子供用のスキーレッスンは3歳からありますが、基本的には親が子供を教えることが多く、ゲレンデでは父親と母親に挟まれて、ゆっくり滑る幼稚園児の姿がよく見られます。父親が後ろ向きに滑りながら子供を指導し、その後ろから母親がビデオを撮っている姿は、洋の東西を問わずほほえましいですね。
ファミリーゲレンデの設備
家族連れに特に人気なのは、大人用ゲレンデと切り離されたファミリーゲレンデ。山頂から一気に滑り降りる若者とすそ野で合流する危険が避けられ、安全が確保されます。また、子供向けとはいっても、スラロームコースや、タイムチャレンジ、凸凹コースなどのバリエーションがあり、初級から上級まで、全てのレベルで楽しむことができます。
ファミリーゲレンデは、子供たちの天国。「魔法のじゅうたん」という愛称で親しまれる動く歩道(スノーエスカレーター)は、雪や風除けのための幌がついていて、全天候型のものが人気です。
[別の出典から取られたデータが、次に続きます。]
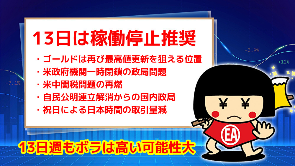 資金管理を徹底された上で、いつもよりロットを落とす、時短運用などのリスク対策をされること推奨します。

レンタルショップやレッスン、レストランや子供用トイレ、巨大な遊び場やゆるキャラまでそろっていて、一日楽しく過ごすことができます。
スノーエスカレーターを卒業すると、Tバーリフトに乗って、子供用ゲレンデの中級コースに上がることができます。オーストリアではリフトよりTバーがメジャーで、未就学児でもコツをつかむとすぐに一人で利用できるようになります。
ギアはレンタル? 購入?
ファミリーゲレンデでは、子供用のスキー板や靴、ヘルメットなどのレンタルも充実しています。最新式の整備されたカービングスキーや、有名ブランドの板と靴を、安価でレンタルできます。一方、レンタル時のサイズ調整や待ち時間を避けるため、靴や板を購入する家庭も多く、多くの小学生が自分の板と靴を持っているようです。
また、オーストリアのほとんどの州で、14歳未満の子供はヘルメット着用義務があり、これもレンタルが可能です。
スキーレッスンのコツとは?
基本的には、親が子供を教えることが多いオーストリアですが、最新のフォームを確認したり、プロの教え方で上達を早めたりするために、レッスンが利用されます。
スキーレッスンを見ていると、どのコーチも必ず言うセリフがあります。プルークボーゲンを練習している子には「ピザ!」、板をそろえる練習をしている子には「スパゲティ!」。どちらも子供が大好きな料理ですが、何を意味しているか分かりますか?
ボーゲンの場合には、板をハの字に開く必要がありますが、この形が切ったピザに見えることから、「大きなピザの形に板を開いて!」と教えています。板をそろえる時には、二本のスパゲティを伸ばした様子をイメージします。子供たちの大好物だけに、連想しやすいですね。
まとめ
こうやって、スキー上級者の親に手取り足取り教えられつつ、最新式の技術をレッスンで取り入れた子供たちは、ゆくゆくは親以上のスキーヤーになり、また次世代にスキー文化を伝えていくのでしょう。ファミリーゲレンデは、こうやって何世代も親から子へと受け継がれてきた、スキーを愛するこの国の国民性を象徴しているようですね。